→ **Work request**
The expected output is an exact copy of the lines from the one containing "Gedenkstein 'Auferstehung' in" through the final line of the entries below, with no images.

→ **Excerpted records**
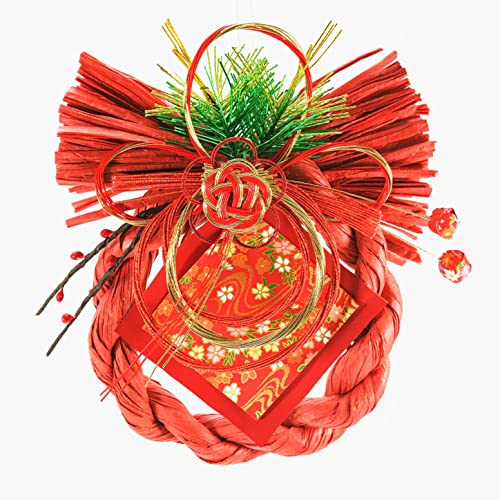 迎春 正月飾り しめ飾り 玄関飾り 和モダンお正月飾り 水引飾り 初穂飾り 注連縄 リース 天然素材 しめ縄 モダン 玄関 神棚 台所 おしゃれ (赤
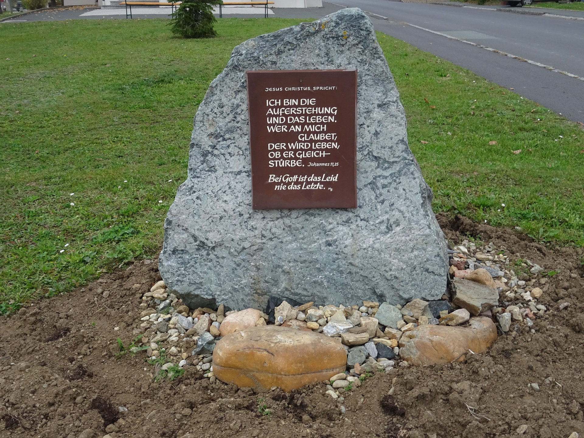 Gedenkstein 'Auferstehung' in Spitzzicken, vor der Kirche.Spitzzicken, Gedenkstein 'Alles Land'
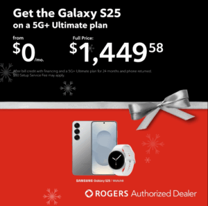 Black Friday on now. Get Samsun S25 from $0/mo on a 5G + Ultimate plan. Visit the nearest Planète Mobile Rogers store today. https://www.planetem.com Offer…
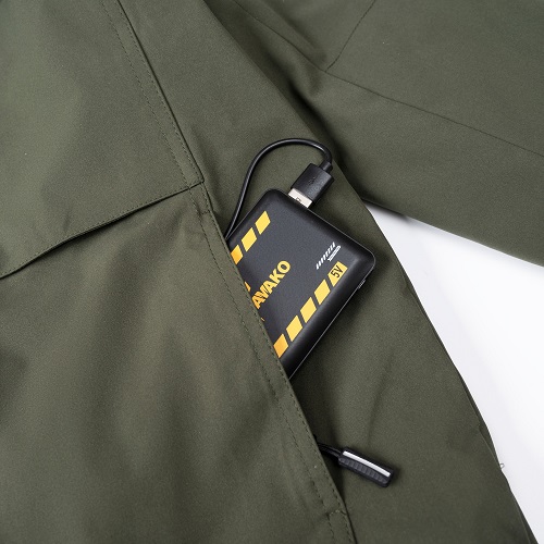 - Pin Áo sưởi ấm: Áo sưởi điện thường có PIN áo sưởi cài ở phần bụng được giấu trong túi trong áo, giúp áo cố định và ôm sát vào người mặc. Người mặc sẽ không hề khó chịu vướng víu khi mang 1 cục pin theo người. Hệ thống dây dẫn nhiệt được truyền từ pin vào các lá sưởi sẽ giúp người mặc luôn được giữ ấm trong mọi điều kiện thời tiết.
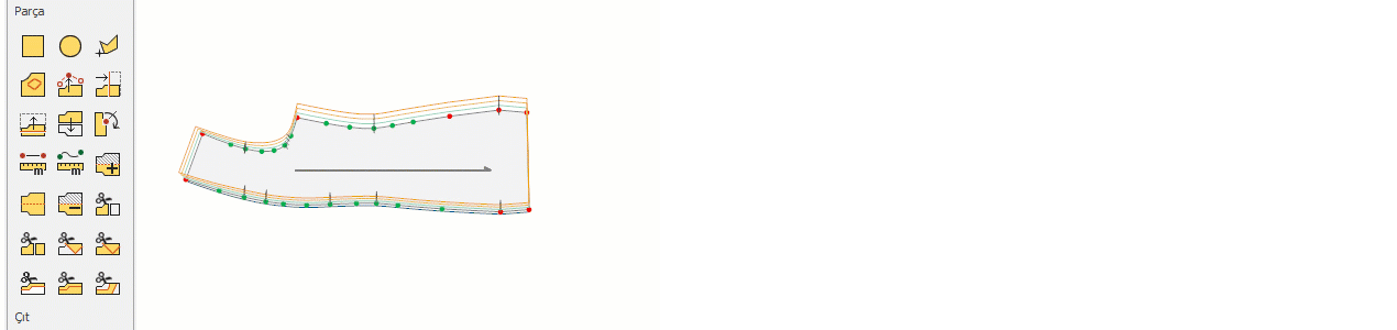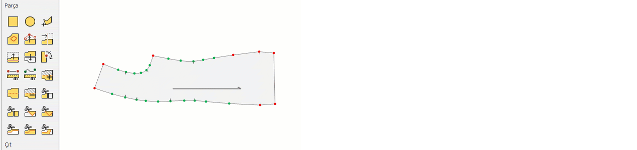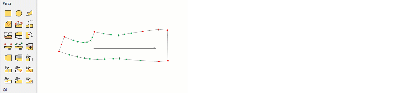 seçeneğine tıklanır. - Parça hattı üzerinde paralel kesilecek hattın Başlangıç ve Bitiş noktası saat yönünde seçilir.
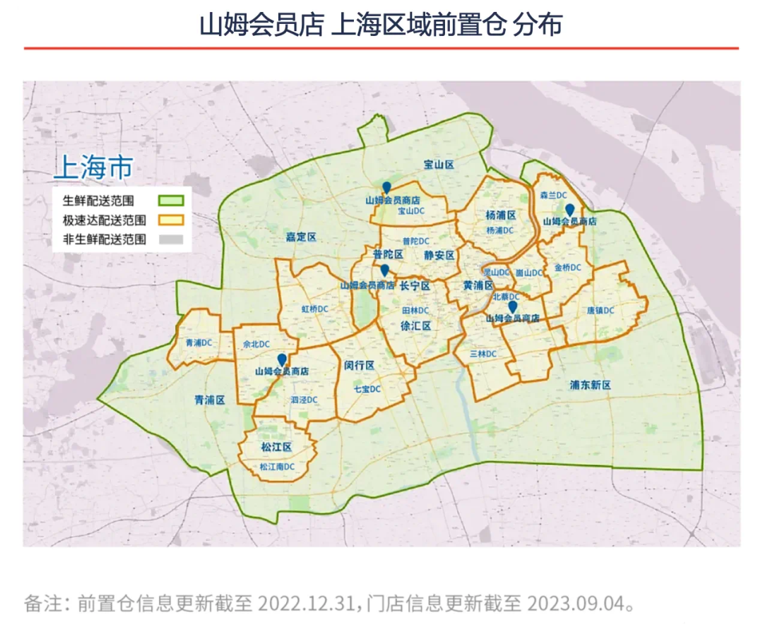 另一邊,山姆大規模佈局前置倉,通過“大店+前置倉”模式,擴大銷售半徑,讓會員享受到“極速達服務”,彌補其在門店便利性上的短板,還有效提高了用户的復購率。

→ **Your solution**
 Gedenkstein 'Auferstehung' in Spitzzicken, vor der Kirche.Spitzzicken, Gedenkstein 'Alles Land'
 Black Friday on now. Get Samsun S25 from $0/mo on a 5G + Ultimate plan. Visit the nearest Planète Mobile Rogers store today. https://www.planetem.com Offer…
 - Pin Áo sưởi ấm: Áo sưởi điện thường có PIN áo sưởi cài ở phần bụng được giấu trong túi trong áo, giúp áo cố định và ôm sát vào người mặc. Người mặc sẽ không hề khó chịu vướng víu khi mang 1 cục pin theo người. Hệ thống dây dẫn nhiệt được truyền từ pin vào các lá sưởi sẽ giúp người mặc luôn được giữ ấm trong mọi điều kiện thời tiết.
 seçeneğine tıklanır. - Parça hattı üzerinde paralel kesilecek hattın Başlangıç ve Bitiş noktası saat yönünde seçilir.
 另一邊,山姆大規模佈局前置倉,通過“大店+前置倉”模式,擴大銷售半徑,讓會員享受到“極速達服務”,彌補其在門店便利性上的短板,還有效提高了用户的復購率。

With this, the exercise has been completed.